Data records below:

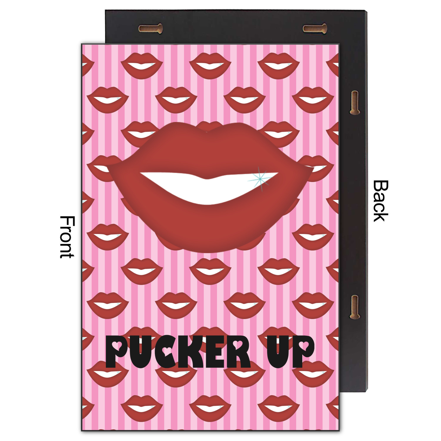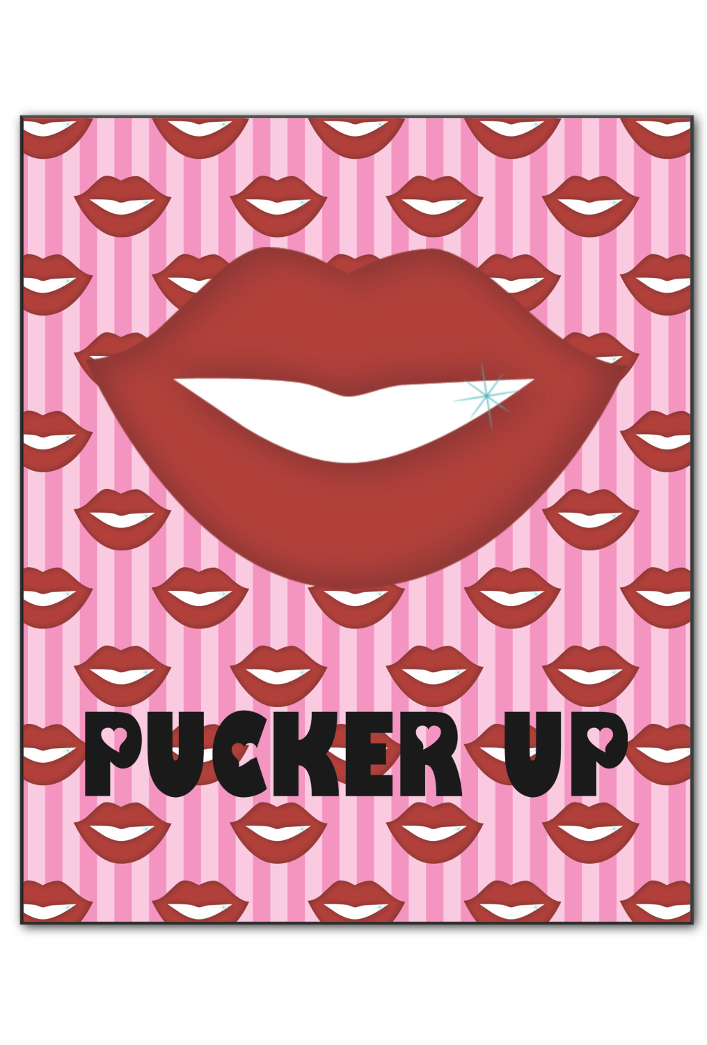 This Lips / Pucker Up design was created by very own Tina D'Astoli for her make up bag. We thought it was beautiful enough to convert to a full fledged design for all our products. It is a layered design with striped in the background (Tina of course chose pink; the stripes are re-color-able), layered with lips. Tina also chose to the use a large graphic and text layout - with lips and the words "Pucker Up" in a black with the Holes are Hearts font.
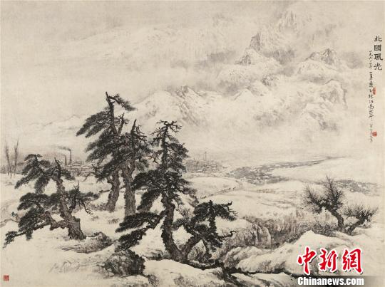 11日,尺幅達到33平尺的關山月巨幅精品《北國風光》亮相廣州,這幅作品被譽為是傅抱石和關山月為人民大會堂迎賓廳合作完成的以《沁園春·雪》詞意為創(chuàng)作背景的《江山如此多嬌》的姊妹篇。
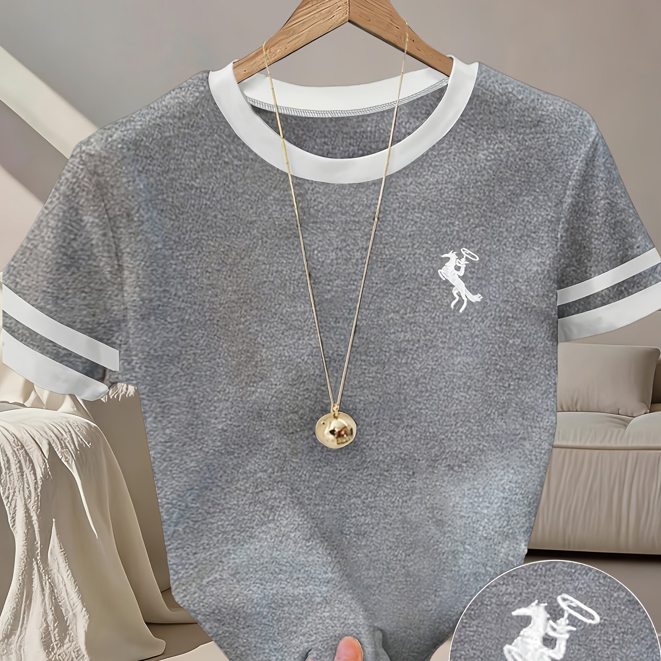 TEMU 여성용 Y2K 컬러블록 반팔 티셔츠 - 스트리트웨어, 파티, 휴가에 적합한 높은 신축성, 통근, 생일, 크리스마스, 새해, 밸런타인데이 의상을 위한 사계절 스트레치 핏 블라우스형 상의
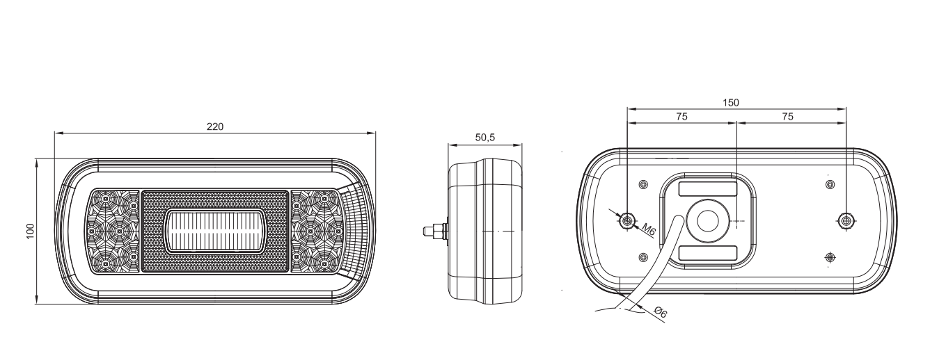 Schlussleuchte LED rechts, 12V/24V Rückfahr- und Kennzeichenlicht
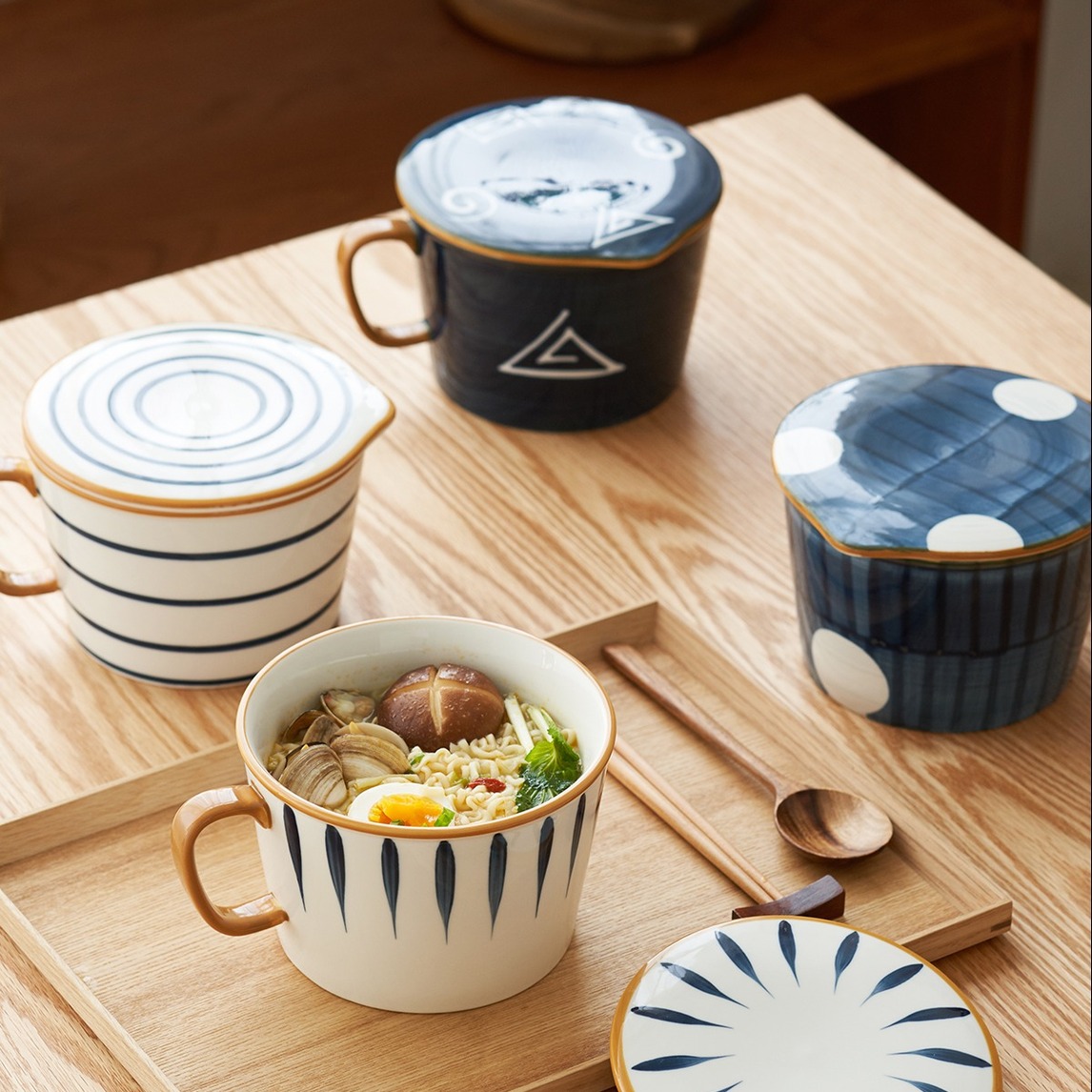 日式手绘带盖面碗,打造温馨餐桌
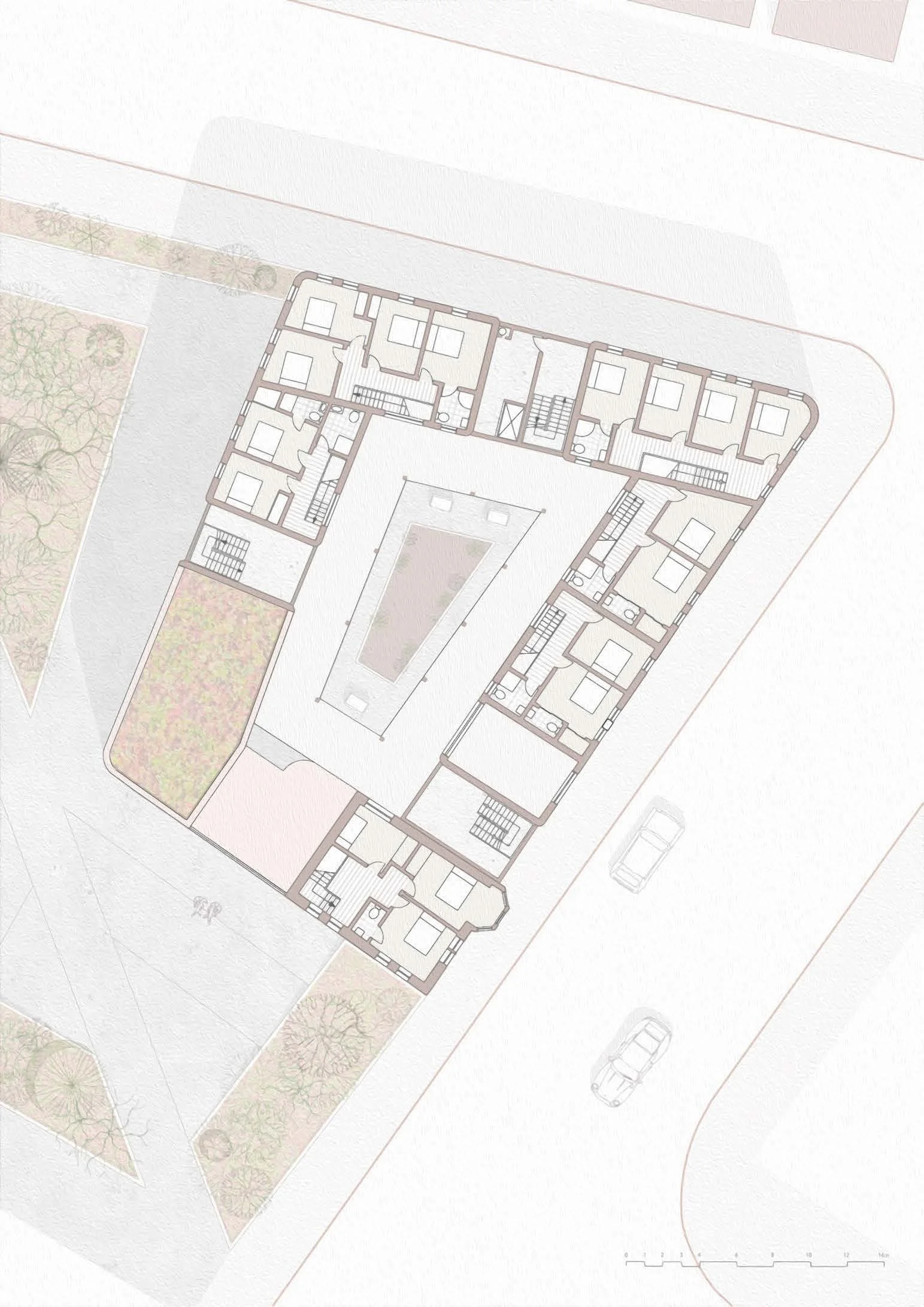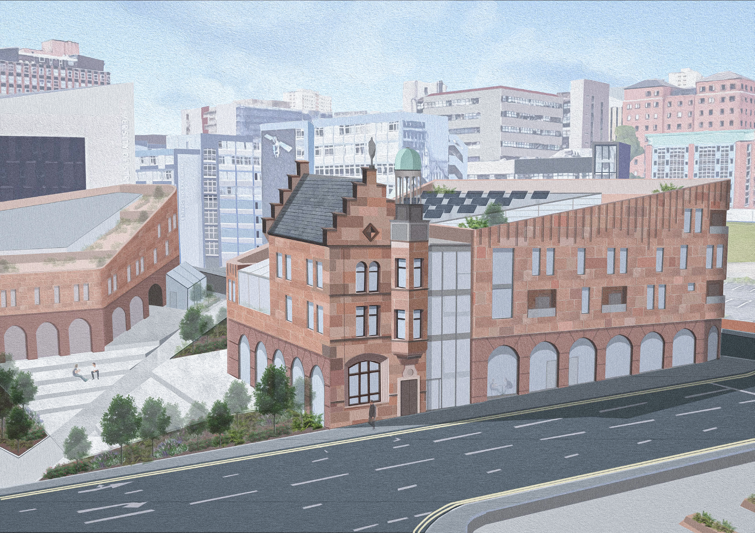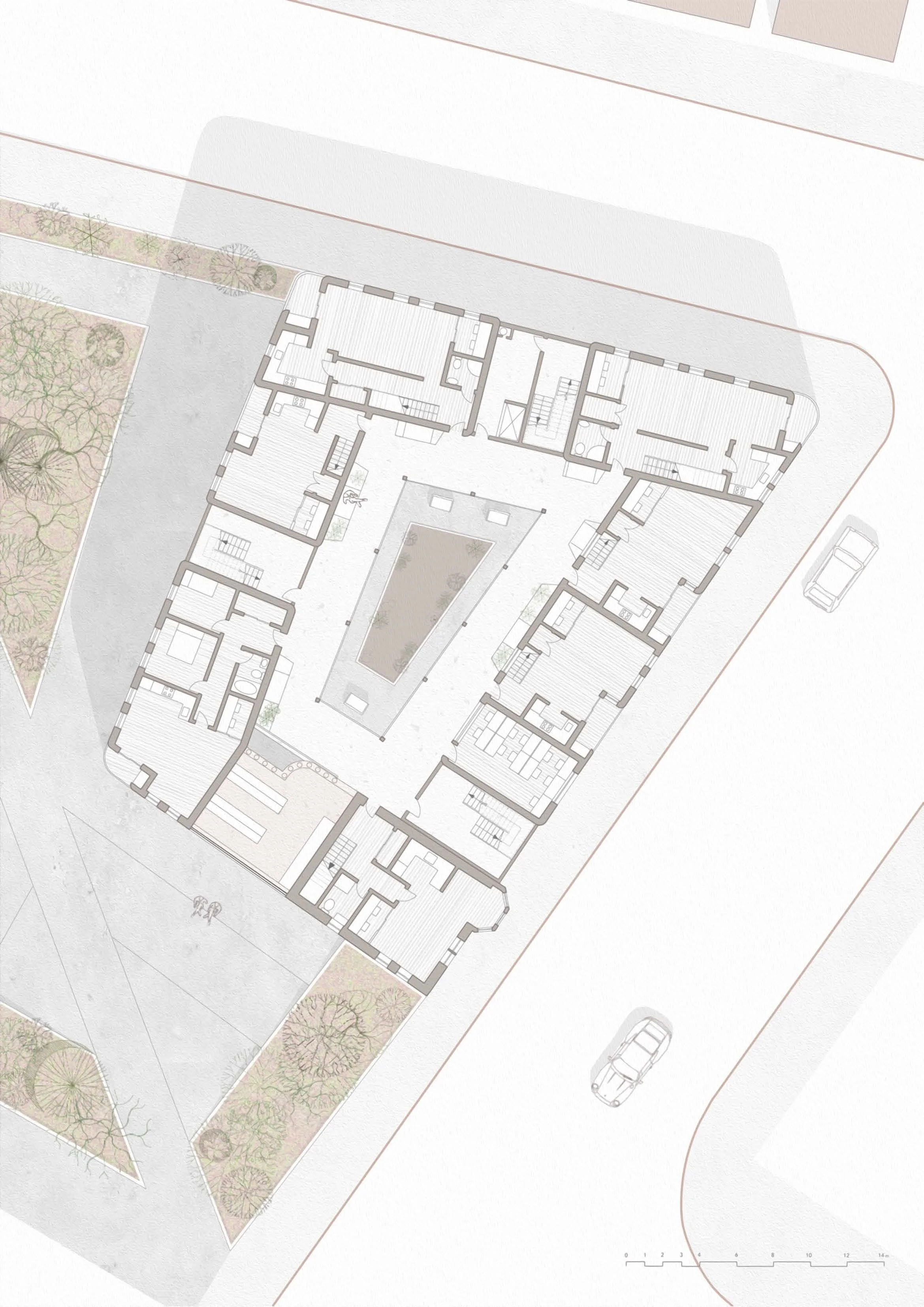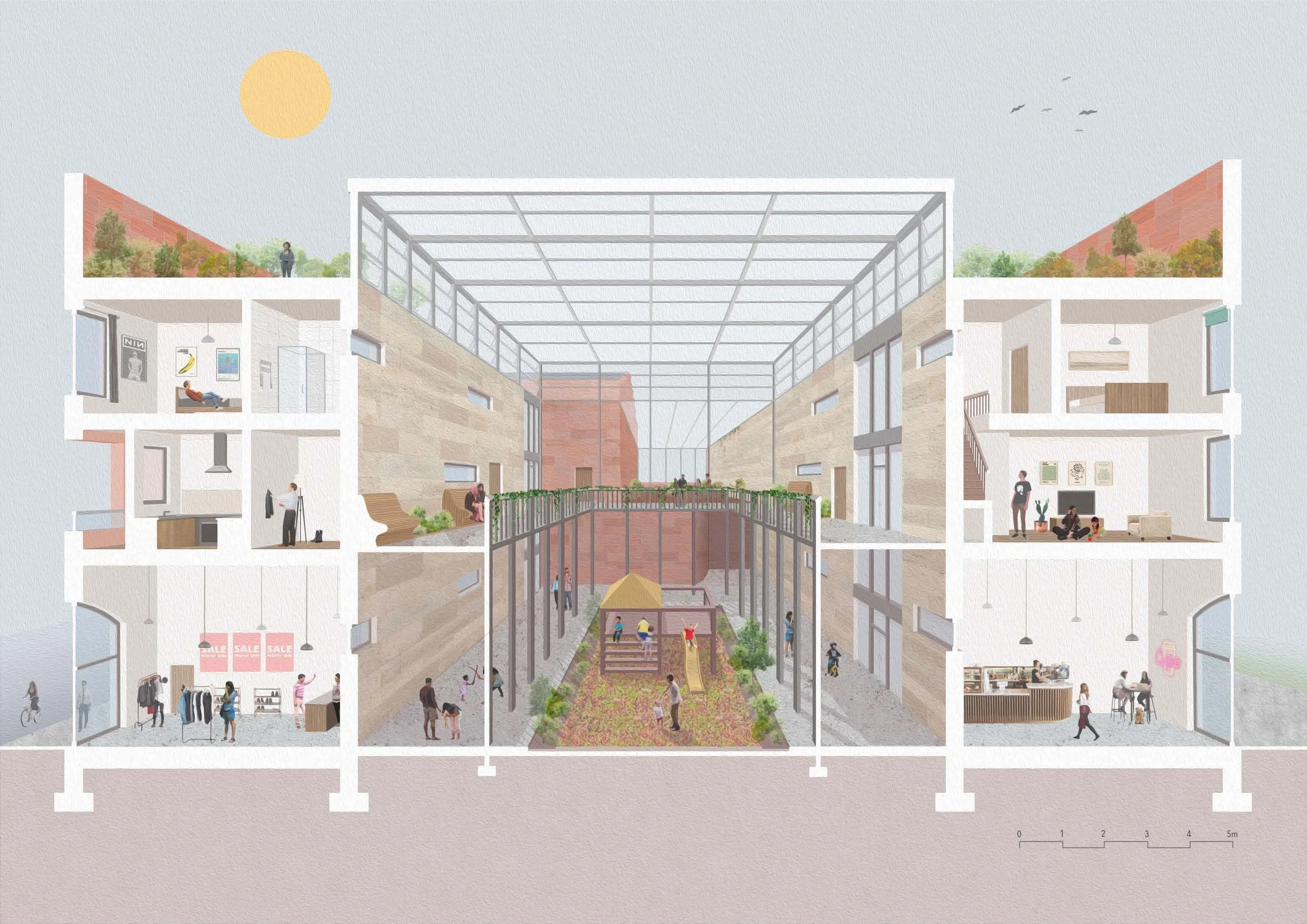 The scheme situated on High Street in Glasgow’s Merchant City, was designed to accommodate young adults, professionals and mature students in the aftermath of the pandemic, and with that, the remote working model. The strategy proposed dwellings with comfortable space for individuals to work from home whilst in close proximity to their households and families. The pandemic demonstrated that working from home was not just a temporary measure, and that healthy home working environments need to be considered in future housing schemes.

End of Data records.

Task directions:
Above are the records; reproduce them exactly and leave out the pictures.

Answer section:
 This Lips / Pucker Up design was created by very own Tina D'Astoli for her make up bag. We thought it was beautiful enough to convert to a full fledged design for all our products. It is a layered design with striped in the background (Tina of course chose pink; the stripes are re-color-able), layered with lips. Tina also chose to the use a large graphic and text layout - with lips and the words "Pucker Up" in a black with the Holes are Hearts font.
 11日,尺幅達到33平尺的關山月巨幅精品《北國風光》亮相廣州,這幅作品被譽為是傅抱石和關山月為人民大會堂迎賓廳合作完成的以《沁園春·雪》詞意為創(chuàng)作背景的《江山如此多嬌》的姊妹篇。
 TEMU 여성용 Y2K 컬러블록 반팔 티셔츠 - 스트리트웨어, 파티, 휴가에 적합한 높은 신축성, 통근, 생일, 크리스마스, 새해, 밸런타인데이 의상을 위한 사계절 스트레치 핏 블라우스형 상의
 Schlussleuchte LED rechts, 12V/24V Rückfahr- und Kennzeichenlicht
 日式手绘带盖面碗,打造温馨餐桌
 The scheme situated on High Street in Glasgow’s Merchant City, was designed to accommodate young adults, professionals and mature students in the aftermath of the pandemic, and with that, the remote working model. The strategy proposed dwellings with comfortable space for individuals to work from home whilst in close proximity to their households and families. The pandemic demonstrated that working from home was not just a temporary measure, and that healthy home working environments need to be considered in future housing schemes.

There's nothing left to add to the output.